Robert Junk, Pike County Prosecuting Attorney, Waverly, Ohio, for Appellee.

DECISION AND JUDGMENT ENTRY

Hoover, J.

{¶ 1} Defendant-appellant, Michael Snyder, appeals the judgment of the Pike County Court of Common Pleas denying his post-sentence motion to withdraw guilty plea. On appeal, Snyder argues that he should be allowed to withdraw his plea because (1) his conviction is void for lack of subject matter jurisdiction; and (2) he received ineffective assistance of counsel.

{¶ 2} Snyder argues that his conviction is void for lack of subject matter jurisdiction because he was convicted of an unclassified felony when the indictment charged him with a first-degree felony. However, Snyder waived any defects in the indictment by failing to object to the indictment and pleading guilty.

{¶ 3} Snyder also argues that his trial counsel was ineffective for allowing him to plead guilty to an unclassified felony and then allowing the trial court to convict him of an unclassified felony. However, Snyder's ineffective assistance of counsel claim could have been raised on direct appeal and is therefore barred by res judicata.

{¶ 4} Accordingly, we affirm the judgment of the trial court.

I. Facts and Procedural History

{¶ 5} On June 30, 2014, a complaint was filed in the Pike County Court charging Snyder with one count of murder in violation of R.C. 2903.02(A).
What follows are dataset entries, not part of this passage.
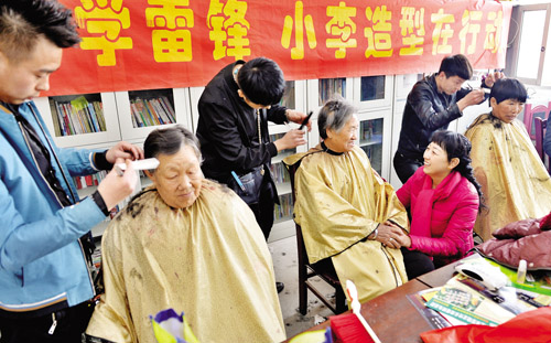 3月9日,在定襄縣蔣村鄉(xiāng)上東留村委會,剛剛理完發(fā)的梁大娘動情地拉著該村第一書記張瑞蓮的手連夸:“好書記,好閨女!”張瑞蓮是由定襄縣委組織部下派到農(nóng)村任職的干部,今年以來她牽頭為村民辦了許多實事。當日,她主動聯(lián)系了縣城小李造型學(xué)雷鋒小組的5名理發(fā)師,免費為全村70多名老年人理了發(fā)。(張晉蘭 攝)
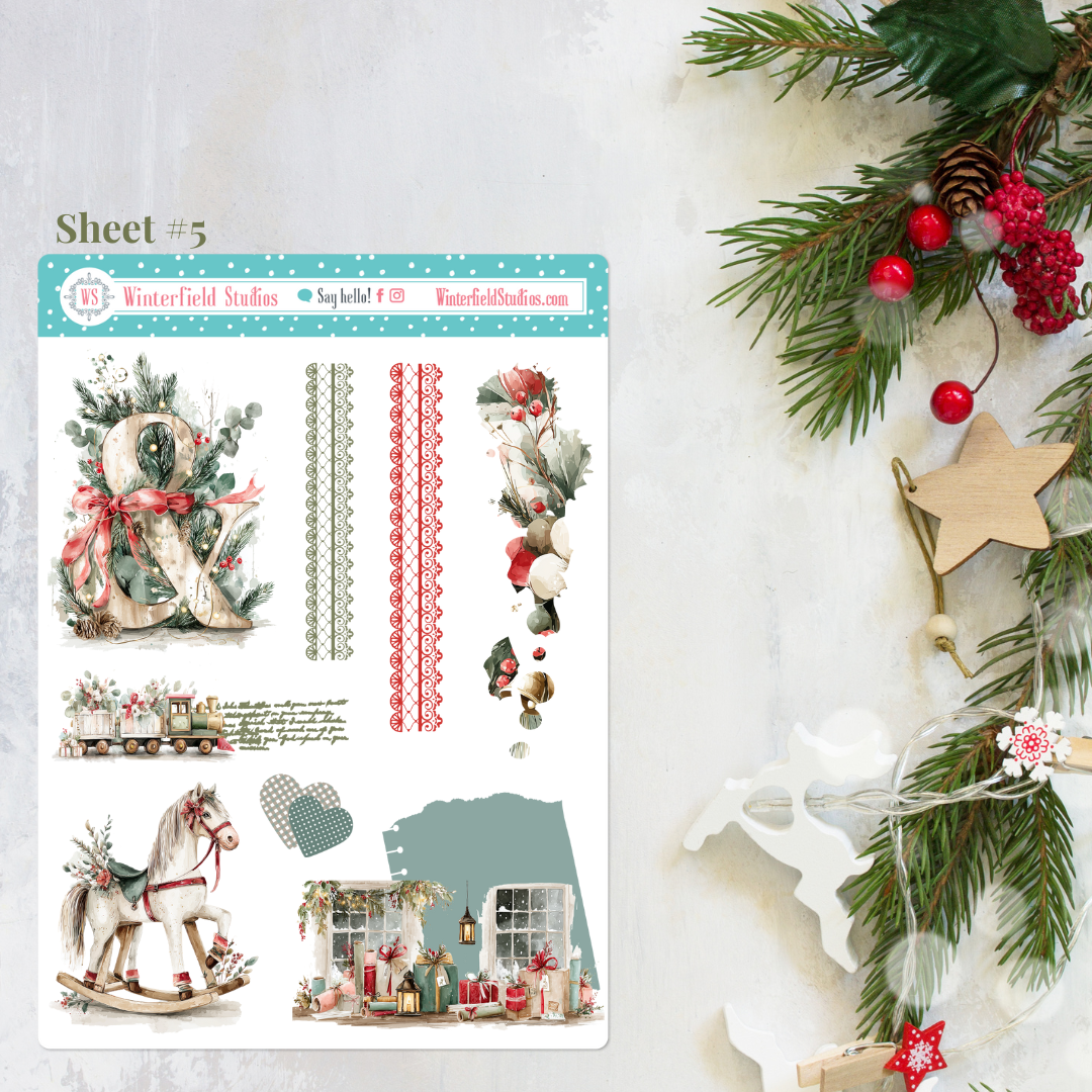 🧸 From teddy bears tied with bright ribbons to rocking horses, toy trains, and beautifully decorated Christmas trees, these stickers turn your planner or journal into a storybook of holiday cheer. Use them to decorate weekly spreads, create December memory pages, or craft your own scrapbook layouts filled with seasonal spirit.
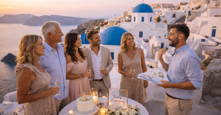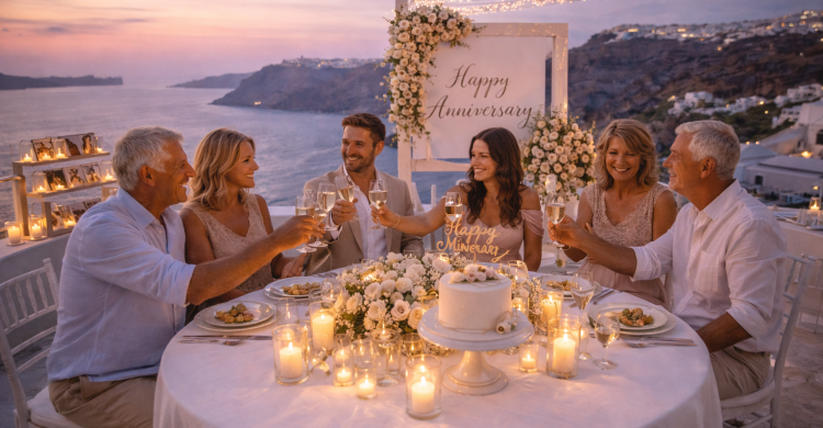 From elegant vow renewals overlooking the caldera to joyful birthday gatherings under the Greek sunset, their team ensures your celebration feels intimate, effortless and truly unforgettable.

Snyder was subsequently indicted by a Pike County Grand Jury on the same charge, along with an attendant firearm specification. Snyder entered a plea of not guilty.

{¶ 6} Through discovery, the following facts were uncovered. On June 13, 2016, police received a call about a dispute on Fairview Road in Peebles, Ohio. Deputy Cottrell of the Pike County Sherriff's Office responded to the scene and spoke with the caller, Kim Snyder ("Snyder's wife"). Snyder's wife stated that her neighbor's son, Tylor Tong ("Tylor"), was threatening her and her husband. Apparently, the threats related to an ongoing property-line dispute between the two families.

{¶ 7} Snyder told Deputy Cottrell that he was going to shoot anyone who trespassed onto his property. Deputy Cottrell advised Snyder that that was against the *835law. After the situation diffused, Deputy Cottrell left.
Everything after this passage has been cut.